Orbital energies many-electrons
Electrons in orbitals with a larger n have higher energy as they have a probability distribution further away from the nucleus and are therefore less tightly bound.
Shielding effect
Electrons closer to the nucleus prevent the outer electrons from feeling the full nuclear charge that they would if they were isolated. These electrons therefore have a lower effective nuclear charge and higher energy than expected.
Why are orbital energies s < p < d < f?
When superimposing 2s and 2p RDFs, it is seen that the residual maximum of 2s is closer to the nucleus; therefore, 2s electrons on the whole have greater nuclear charge and lower energy levels.

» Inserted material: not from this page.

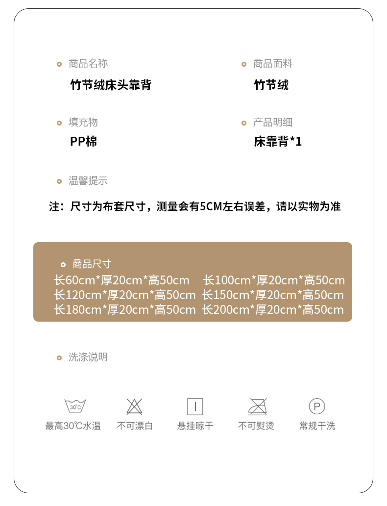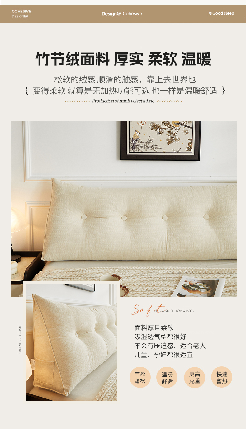 商品名称:艺菲阁家纺 2025新款竹节绒床头靠背 奶油白
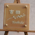 2004年最初の表札です。 線の細い手書き書体を彫刻しました。

How Z affects orbital energies (3d, 4s)
As Z increases, the more penetrating 4s orbitals will experience greater nuclear charge and lower energy. 3d orbitals are closer to the nucleus and will also have lower energy. In K and Ca, 4s orbitals are more penetrating than 3d orbitals and have lower energy as a result. From Sc onwards, vice versa.
Filling orbitals
Electrons fill orbitals starting from those with the lowest energies. With some exceptions, the 4s subshell tends to fill before the 3d.
Aufbau principle
In the ground state of an atom or ion, electrons fill atomic orbitals of the lowest available energy level before occupying higher-energy levels
Spin quantum number (ms)
Describes the intrinsic spin (angular momentum) of an electron and has two possible values: 1/2 (spin up, or -1/2 (spin down)
Pauli exclusion principle
No two electrons in any given system can have identical values for all four quantum numbers.
Hund’s rule
Electrons will occupy degenerate orbitals (of the same energy) singly and with parallel spins before pairing up. Makes for the most stable state.